§ Aim of the exercise
Starting at the line below that contains "我们的主要产品包括各种规格的钢丝网罩、不锈钢卡压式管件等。" and ending at the line that contains "海棠:海棠花姿瀟灑,雅俗共賞", retype each line exactly as it stands, but omit the pictures.

§ Given data

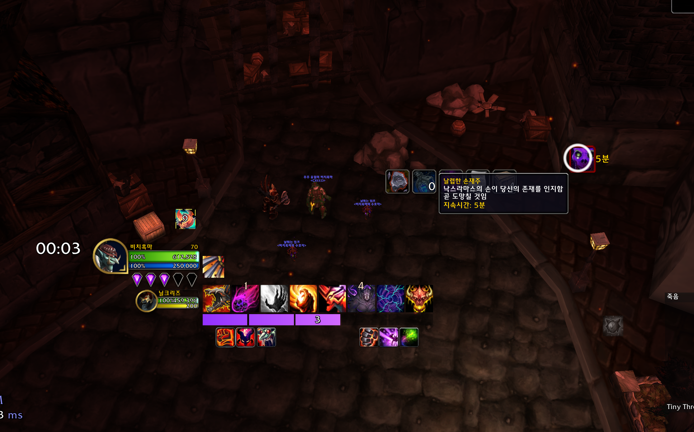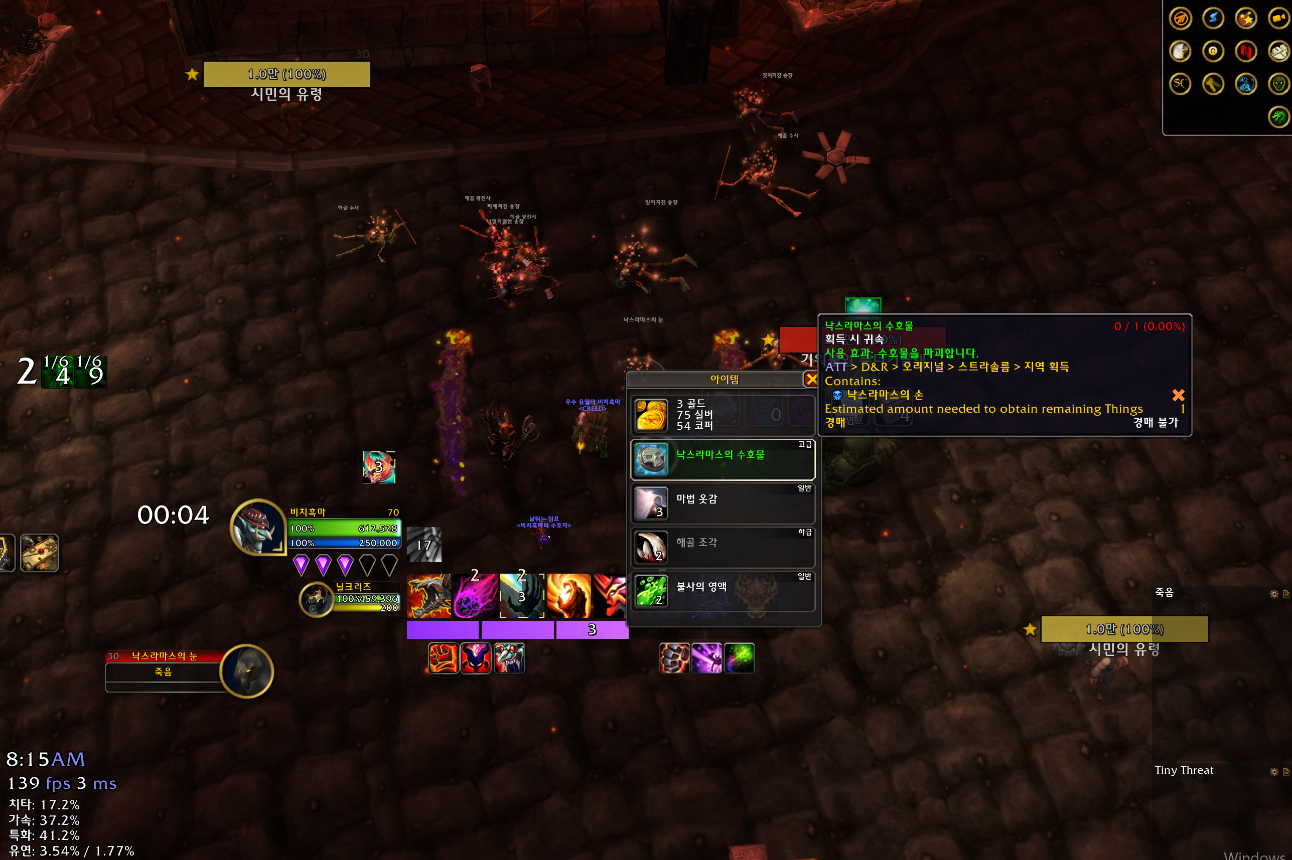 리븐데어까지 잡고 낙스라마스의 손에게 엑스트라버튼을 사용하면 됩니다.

* * *

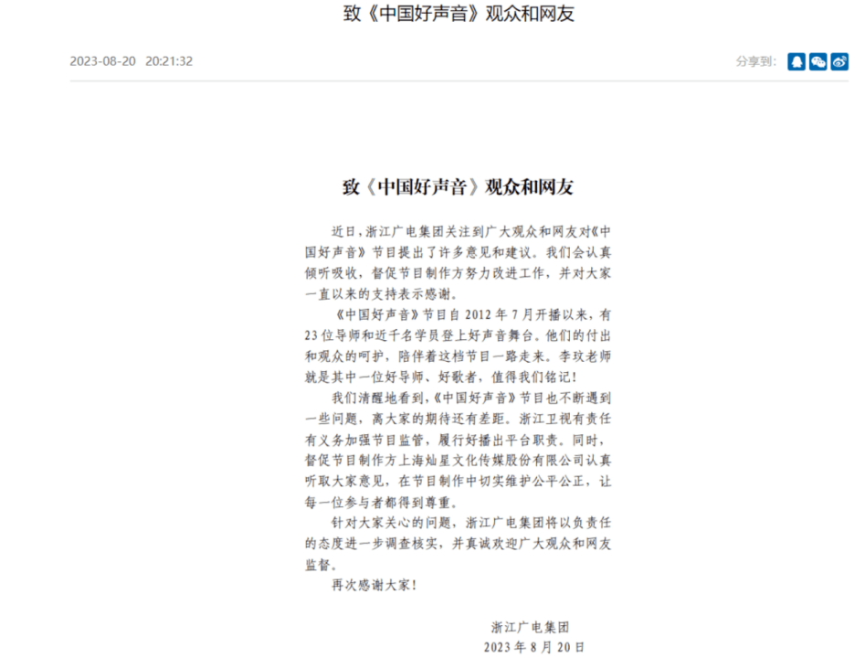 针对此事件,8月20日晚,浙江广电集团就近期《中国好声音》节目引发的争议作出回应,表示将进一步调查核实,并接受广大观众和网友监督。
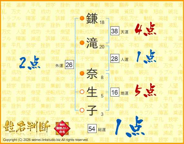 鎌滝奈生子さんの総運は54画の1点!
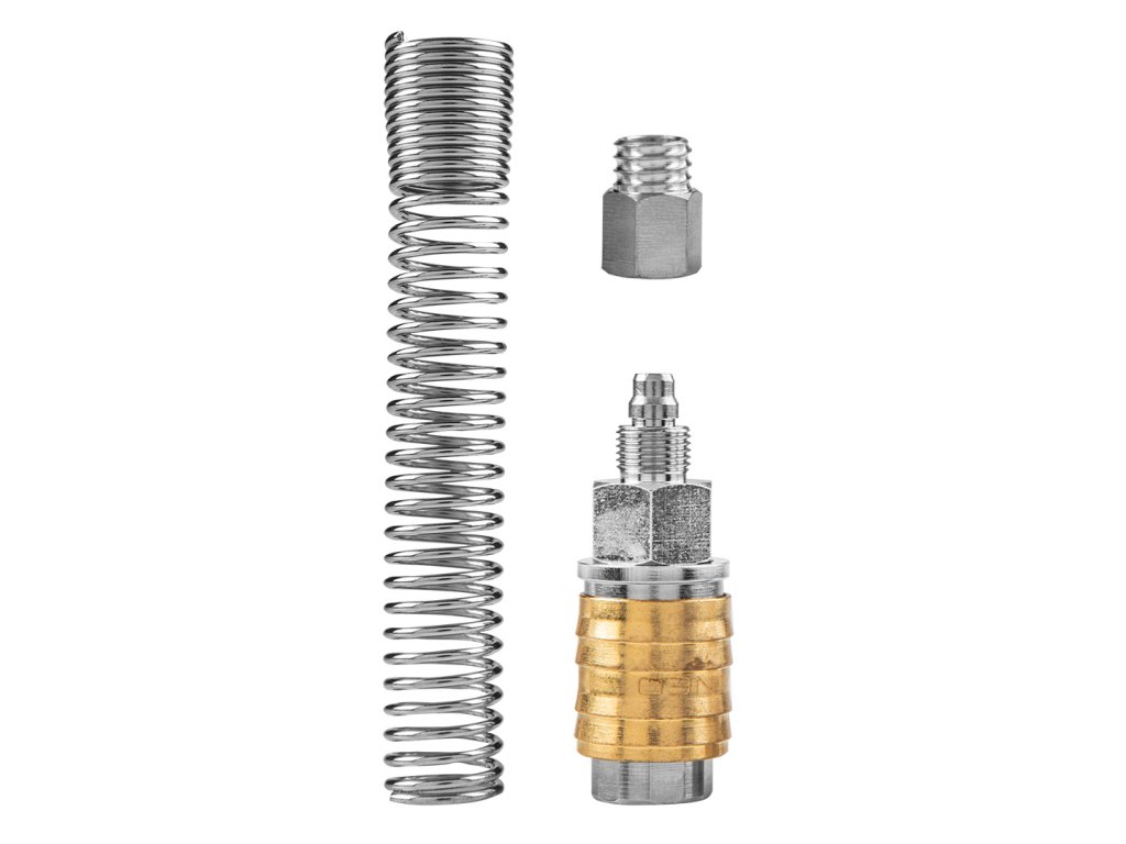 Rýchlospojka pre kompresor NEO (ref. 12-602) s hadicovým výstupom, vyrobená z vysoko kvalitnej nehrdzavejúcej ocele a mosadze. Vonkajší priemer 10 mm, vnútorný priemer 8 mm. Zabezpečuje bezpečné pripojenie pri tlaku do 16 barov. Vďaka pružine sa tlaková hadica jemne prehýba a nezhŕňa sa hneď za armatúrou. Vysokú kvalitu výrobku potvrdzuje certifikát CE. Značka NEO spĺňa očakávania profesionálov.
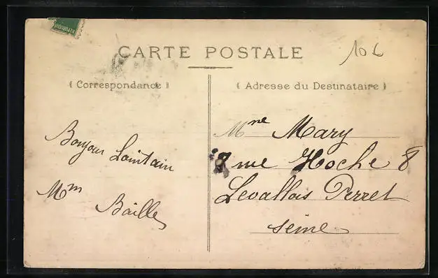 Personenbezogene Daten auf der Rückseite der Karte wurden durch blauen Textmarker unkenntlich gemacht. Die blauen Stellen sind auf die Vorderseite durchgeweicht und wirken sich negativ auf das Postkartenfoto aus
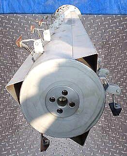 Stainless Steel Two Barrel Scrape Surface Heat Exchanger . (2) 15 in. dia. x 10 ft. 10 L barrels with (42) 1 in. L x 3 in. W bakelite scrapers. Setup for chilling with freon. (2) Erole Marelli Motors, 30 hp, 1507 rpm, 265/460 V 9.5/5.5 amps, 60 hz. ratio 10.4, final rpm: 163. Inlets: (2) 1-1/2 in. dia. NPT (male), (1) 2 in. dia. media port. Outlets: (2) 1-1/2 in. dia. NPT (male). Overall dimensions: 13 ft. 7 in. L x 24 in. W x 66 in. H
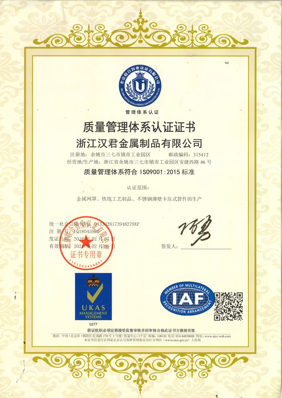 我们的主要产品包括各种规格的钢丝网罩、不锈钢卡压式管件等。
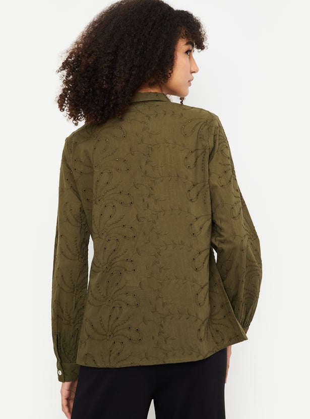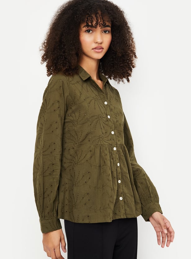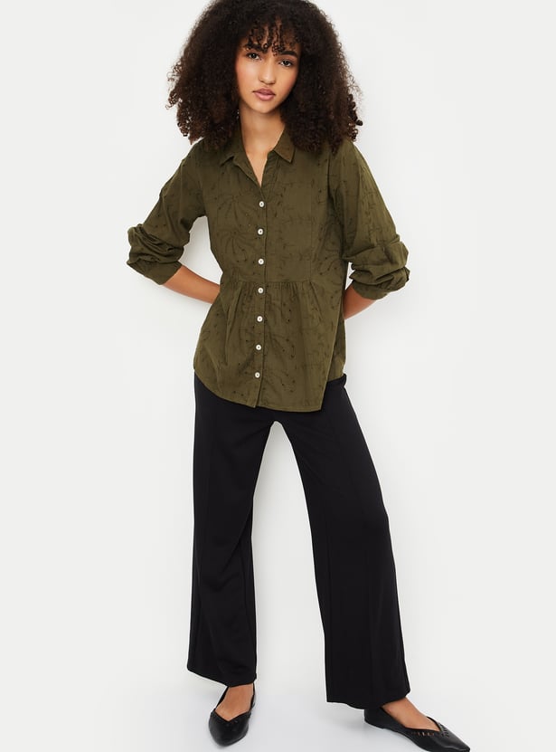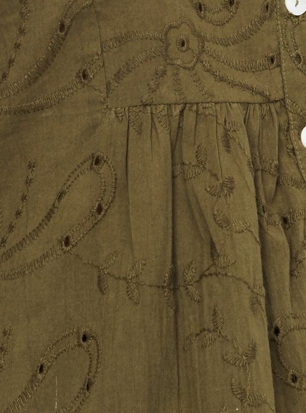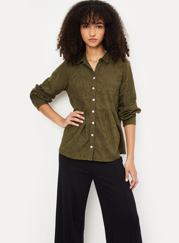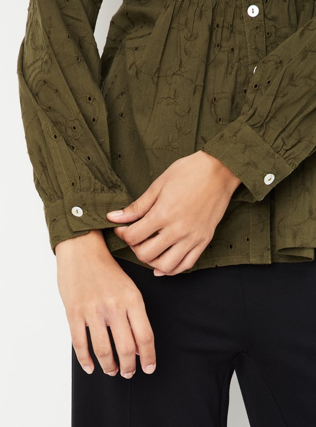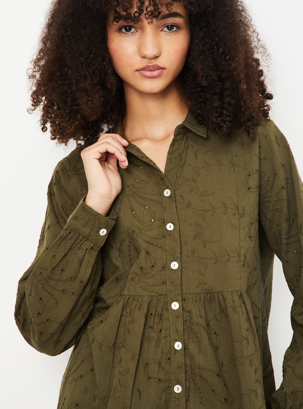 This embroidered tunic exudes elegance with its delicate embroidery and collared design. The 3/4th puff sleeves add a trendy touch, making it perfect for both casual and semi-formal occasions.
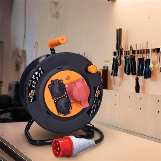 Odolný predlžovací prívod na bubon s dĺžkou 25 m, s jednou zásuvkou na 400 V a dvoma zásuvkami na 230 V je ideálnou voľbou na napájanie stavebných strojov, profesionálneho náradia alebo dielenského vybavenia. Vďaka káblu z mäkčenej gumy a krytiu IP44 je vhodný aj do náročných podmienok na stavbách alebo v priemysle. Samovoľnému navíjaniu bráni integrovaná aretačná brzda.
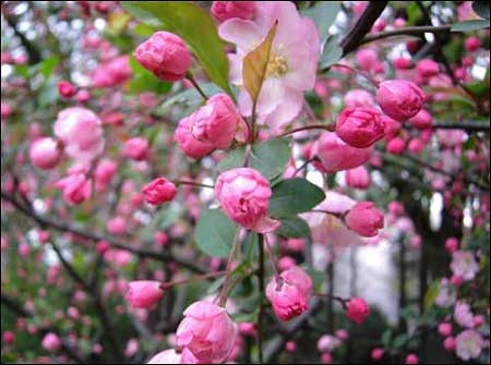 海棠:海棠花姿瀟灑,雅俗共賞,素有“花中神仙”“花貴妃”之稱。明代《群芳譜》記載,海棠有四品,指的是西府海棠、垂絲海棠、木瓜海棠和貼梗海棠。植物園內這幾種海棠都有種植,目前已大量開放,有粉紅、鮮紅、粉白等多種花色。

§ Your solution
 我们的主要产品包括各种规格的钢丝网罩、不锈钢卡压式管件等。
 This embroidered tunic exudes elegance with its delicate embroidery and collared design. The 3/4th puff sleeves add a trendy touch, making it perfect for both casual and semi-formal occasions.
 Odolný predlžovací prívod na bubon s dĺžkou 25 m, s jednou zásuvkou na 400 V a dvoma zásuvkami na 230 V je ideálnou voľbou na napájanie stavebných strojov, profesionálneho náradia alebo dielenského vybavenia. Vďaka káblu z mäkčenej gumy a krytiu IP44 je vhodný aj do náročných podmienok na stavbách alebo v priemysle. Samovoľnému navíjaniu bráni integrovaná aretačná brzda.
 海棠:海棠花姿瀟灑,雅俗共賞,素有“花中神仙”“花貴妃”之稱。明代《群芳譜》記載,海棠有四品,指的是西府海棠、垂絲海棠、木瓜海棠和貼梗海棠。植物園內這幾種海棠都有種植,目前已大量開放,有粉紅、鮮紅、粉白等多種花色。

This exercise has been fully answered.